The reported relative risks for men, mapped onto the defined intake categories used to derive pooled relative risks for comparable categories of intake, are given in Table 3 (number and percent of men in each intake category are available in Web Table 1). We derived the following pooled relative risks by intake category: for 1–29 g/day, 0.90 (95% confidence interval (CI): 0.81, 0.99); for 30–59 g/day, 1.19 (95% CI: 0.89, 1.58); and for 60 or more g/day, 1.52 (95% CI: 0.78, 2.98) (Figure 3 compared with abstention. Visual inspections of the forest plot and funnel plot (Figure 4 for men did not show marked publication bias. Egger's test results confirmed this finding: for 1–29 g/day, P = 0.31; for 30–59 g/day, P = 0.65; and for 60 or more g/day, P = 0.54. The inverse association for an intake of 1–29 g/day did not change much when the analysis was repeated excluding 1 study at a time (excluding Lazarus et al.,[23] relative risk (RR) = 0.90, 95% CI: 0.80, 1.02; excluding Goldberg et al.,[24] RR = 0.88, 95% CI: 0.77, 1.01; excluding Emberson et al.,[28] RR = 0.90, 95% CI: 0.80, 1.00; excluding Beulens et al.,[29] RR = 0.88, 95% CI: 0.77, 1.00; excluding Britton et al.,[33] RR = 0.94, 95% CI: 0.87, 1.01; and excluding Fillmore et al.,[25] RR = 0.87, 95% CI: 0.78, 0.97).

Figure 3.

Forest plot displaying random-effects meta-analyses of the associations of all-cause mortality risk with categories of alcohol consumption over time compared with nondrinking for men using risk estimates from selected studies that reported levels of average intake over time, 1966–2012. Midpoint of box representing each study indicates relative risk (RR), and area of box indicates weight given to the study; diamonds, pooled relative risks. CI, confidence interval.

Figure 4.

Funnel plot with pseudo 95% confidence limits for the associations of all-cause mortality risk with categories of alcohol consumption over time compared with nondrinking using risk estimates from selected studies that reported levels of average alcohol intake over time for men, 1966–2012. Circles, 1–29 g/day; triangles, 30–59 g/day; squares, ≥60 g/day; continuous line, no effect; dashed lines, upper and lower confidence limits.
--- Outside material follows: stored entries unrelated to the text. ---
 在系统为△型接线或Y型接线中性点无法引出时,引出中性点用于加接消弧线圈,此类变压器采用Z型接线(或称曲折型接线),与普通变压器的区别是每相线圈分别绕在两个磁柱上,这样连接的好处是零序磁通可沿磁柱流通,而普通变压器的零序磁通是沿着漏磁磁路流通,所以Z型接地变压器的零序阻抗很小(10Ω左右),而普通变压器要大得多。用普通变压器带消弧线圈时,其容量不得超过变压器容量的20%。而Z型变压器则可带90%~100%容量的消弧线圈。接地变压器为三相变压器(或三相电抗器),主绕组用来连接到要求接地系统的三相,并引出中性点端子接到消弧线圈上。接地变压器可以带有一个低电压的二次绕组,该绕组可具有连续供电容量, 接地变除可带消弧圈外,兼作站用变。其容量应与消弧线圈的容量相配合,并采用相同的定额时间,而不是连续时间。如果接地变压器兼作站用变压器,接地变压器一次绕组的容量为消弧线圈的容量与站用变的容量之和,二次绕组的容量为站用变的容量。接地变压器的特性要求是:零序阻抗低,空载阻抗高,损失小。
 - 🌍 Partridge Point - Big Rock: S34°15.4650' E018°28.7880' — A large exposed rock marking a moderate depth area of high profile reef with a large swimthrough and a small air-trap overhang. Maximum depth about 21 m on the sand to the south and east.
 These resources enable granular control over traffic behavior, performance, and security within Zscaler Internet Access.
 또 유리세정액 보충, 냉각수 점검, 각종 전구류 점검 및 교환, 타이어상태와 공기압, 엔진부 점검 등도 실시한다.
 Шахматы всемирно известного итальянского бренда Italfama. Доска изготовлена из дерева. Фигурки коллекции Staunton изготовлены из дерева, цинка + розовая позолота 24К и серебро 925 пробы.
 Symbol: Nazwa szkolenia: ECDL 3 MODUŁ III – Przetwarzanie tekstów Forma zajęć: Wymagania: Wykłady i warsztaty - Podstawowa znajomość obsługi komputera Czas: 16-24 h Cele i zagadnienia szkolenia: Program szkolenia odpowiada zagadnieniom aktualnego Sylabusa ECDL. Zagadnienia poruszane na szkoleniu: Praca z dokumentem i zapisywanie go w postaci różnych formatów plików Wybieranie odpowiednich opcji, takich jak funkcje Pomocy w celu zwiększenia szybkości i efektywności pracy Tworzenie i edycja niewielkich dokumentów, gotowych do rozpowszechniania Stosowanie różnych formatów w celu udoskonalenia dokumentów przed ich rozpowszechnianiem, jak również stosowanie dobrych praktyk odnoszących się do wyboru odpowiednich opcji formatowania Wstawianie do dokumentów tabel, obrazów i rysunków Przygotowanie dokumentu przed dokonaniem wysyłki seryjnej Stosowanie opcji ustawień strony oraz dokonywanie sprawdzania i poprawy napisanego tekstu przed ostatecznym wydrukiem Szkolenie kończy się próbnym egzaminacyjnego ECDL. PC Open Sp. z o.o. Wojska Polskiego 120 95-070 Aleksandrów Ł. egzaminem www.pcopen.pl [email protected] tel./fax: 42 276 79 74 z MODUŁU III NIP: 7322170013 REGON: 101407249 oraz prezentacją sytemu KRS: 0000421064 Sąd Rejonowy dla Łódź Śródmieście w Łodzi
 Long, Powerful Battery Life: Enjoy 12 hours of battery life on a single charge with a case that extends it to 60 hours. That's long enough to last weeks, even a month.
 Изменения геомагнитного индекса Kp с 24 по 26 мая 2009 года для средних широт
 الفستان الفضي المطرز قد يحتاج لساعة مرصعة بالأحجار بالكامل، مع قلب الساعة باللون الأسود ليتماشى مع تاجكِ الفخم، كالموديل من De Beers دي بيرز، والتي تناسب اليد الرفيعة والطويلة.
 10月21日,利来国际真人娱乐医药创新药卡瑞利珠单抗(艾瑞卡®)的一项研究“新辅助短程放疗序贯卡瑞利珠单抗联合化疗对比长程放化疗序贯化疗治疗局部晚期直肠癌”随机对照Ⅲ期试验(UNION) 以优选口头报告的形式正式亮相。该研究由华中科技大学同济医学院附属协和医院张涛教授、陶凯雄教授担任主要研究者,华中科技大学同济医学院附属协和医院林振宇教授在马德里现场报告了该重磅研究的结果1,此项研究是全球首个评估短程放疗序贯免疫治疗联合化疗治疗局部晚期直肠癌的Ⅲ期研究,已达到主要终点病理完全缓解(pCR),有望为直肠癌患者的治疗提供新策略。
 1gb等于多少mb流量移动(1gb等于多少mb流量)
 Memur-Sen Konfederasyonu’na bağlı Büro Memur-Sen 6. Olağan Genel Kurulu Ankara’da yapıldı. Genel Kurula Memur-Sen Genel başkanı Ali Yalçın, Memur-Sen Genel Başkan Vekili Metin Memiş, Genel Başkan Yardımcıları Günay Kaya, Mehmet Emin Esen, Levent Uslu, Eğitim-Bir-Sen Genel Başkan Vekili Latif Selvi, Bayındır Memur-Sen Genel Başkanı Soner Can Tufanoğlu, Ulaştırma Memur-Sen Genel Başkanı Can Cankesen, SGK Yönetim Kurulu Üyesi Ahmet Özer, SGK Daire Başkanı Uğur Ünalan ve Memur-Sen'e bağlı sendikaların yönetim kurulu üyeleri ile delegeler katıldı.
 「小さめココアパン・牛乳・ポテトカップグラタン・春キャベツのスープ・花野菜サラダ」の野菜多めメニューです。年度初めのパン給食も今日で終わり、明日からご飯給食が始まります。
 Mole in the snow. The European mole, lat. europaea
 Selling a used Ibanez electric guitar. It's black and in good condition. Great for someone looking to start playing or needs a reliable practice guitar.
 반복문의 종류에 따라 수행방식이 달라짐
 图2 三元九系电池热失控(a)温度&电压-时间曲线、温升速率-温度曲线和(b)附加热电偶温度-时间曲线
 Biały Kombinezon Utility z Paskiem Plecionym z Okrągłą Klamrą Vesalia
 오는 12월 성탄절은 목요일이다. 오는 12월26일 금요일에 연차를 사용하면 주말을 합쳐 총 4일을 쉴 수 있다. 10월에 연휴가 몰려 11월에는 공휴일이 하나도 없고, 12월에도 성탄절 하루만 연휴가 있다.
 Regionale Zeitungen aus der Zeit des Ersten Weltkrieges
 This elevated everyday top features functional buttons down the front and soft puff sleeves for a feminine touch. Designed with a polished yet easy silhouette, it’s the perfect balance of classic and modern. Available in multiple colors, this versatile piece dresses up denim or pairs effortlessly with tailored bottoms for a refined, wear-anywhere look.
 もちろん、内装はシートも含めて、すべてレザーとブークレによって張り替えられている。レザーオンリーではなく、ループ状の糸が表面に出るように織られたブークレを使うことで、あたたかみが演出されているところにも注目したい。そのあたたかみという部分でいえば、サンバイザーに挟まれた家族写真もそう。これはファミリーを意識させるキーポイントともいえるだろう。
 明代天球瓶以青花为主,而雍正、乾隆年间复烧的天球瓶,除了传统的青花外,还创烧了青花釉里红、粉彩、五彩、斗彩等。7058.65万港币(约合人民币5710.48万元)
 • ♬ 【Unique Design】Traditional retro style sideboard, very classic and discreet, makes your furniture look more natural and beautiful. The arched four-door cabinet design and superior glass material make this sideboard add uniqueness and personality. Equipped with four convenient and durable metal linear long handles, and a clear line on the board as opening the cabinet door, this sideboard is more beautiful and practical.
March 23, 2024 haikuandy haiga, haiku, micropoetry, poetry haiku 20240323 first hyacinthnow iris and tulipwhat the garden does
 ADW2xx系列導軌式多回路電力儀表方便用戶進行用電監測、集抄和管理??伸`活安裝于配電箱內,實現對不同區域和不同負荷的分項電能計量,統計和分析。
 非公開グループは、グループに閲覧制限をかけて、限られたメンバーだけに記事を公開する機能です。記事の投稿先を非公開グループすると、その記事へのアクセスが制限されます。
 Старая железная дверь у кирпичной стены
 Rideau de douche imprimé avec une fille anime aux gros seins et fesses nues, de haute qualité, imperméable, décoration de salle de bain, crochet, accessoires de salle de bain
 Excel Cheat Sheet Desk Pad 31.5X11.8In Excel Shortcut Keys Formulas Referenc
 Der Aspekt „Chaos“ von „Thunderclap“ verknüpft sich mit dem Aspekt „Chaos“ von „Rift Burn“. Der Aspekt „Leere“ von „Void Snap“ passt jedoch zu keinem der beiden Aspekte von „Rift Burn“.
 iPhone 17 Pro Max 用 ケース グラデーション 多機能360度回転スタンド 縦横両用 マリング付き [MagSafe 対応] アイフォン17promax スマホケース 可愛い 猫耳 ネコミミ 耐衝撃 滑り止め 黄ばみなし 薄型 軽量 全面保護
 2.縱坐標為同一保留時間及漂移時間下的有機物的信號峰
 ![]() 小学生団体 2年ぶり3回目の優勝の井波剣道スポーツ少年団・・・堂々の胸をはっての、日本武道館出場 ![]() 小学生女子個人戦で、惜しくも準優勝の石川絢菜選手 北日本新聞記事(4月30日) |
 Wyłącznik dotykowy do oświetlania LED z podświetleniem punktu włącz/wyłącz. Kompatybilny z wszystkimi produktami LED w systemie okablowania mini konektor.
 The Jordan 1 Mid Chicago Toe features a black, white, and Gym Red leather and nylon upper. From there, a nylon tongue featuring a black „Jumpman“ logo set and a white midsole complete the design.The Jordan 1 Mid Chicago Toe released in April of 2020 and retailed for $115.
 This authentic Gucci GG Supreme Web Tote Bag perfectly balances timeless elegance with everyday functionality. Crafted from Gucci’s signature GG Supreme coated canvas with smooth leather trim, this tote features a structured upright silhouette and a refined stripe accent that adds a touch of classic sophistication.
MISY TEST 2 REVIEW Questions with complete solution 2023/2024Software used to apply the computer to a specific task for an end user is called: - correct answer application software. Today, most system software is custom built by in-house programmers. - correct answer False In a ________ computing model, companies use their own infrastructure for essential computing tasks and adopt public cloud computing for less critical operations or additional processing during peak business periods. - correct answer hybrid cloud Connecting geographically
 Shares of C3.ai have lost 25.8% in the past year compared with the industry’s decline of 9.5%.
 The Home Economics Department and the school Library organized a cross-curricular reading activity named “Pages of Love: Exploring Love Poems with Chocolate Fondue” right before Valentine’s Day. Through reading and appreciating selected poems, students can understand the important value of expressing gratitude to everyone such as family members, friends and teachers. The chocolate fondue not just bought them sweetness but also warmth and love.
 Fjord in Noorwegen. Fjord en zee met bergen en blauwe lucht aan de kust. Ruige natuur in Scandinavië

Association Between Alcohol Intake Over Time and Mortality Risk in Women

The small number of studies reporting relative risks for women did not permit meta-analyses. The relative risks reported by Friesema et al.[32] for a stable intake of 1–14.9 g/day over time and by Fillmore et al.[25] for moderate-to-moderate drinking were 0.63 (95% CI: 0.25, 1.59) and 1.1 (95% CI: 0.9, 1.3), respectively (Table 2 Wellmann et al.[26] reported a relative risk of 0.94 (95% CI: 0.49, 1.81) for a constant intake of 20 or more g/day (Table 2).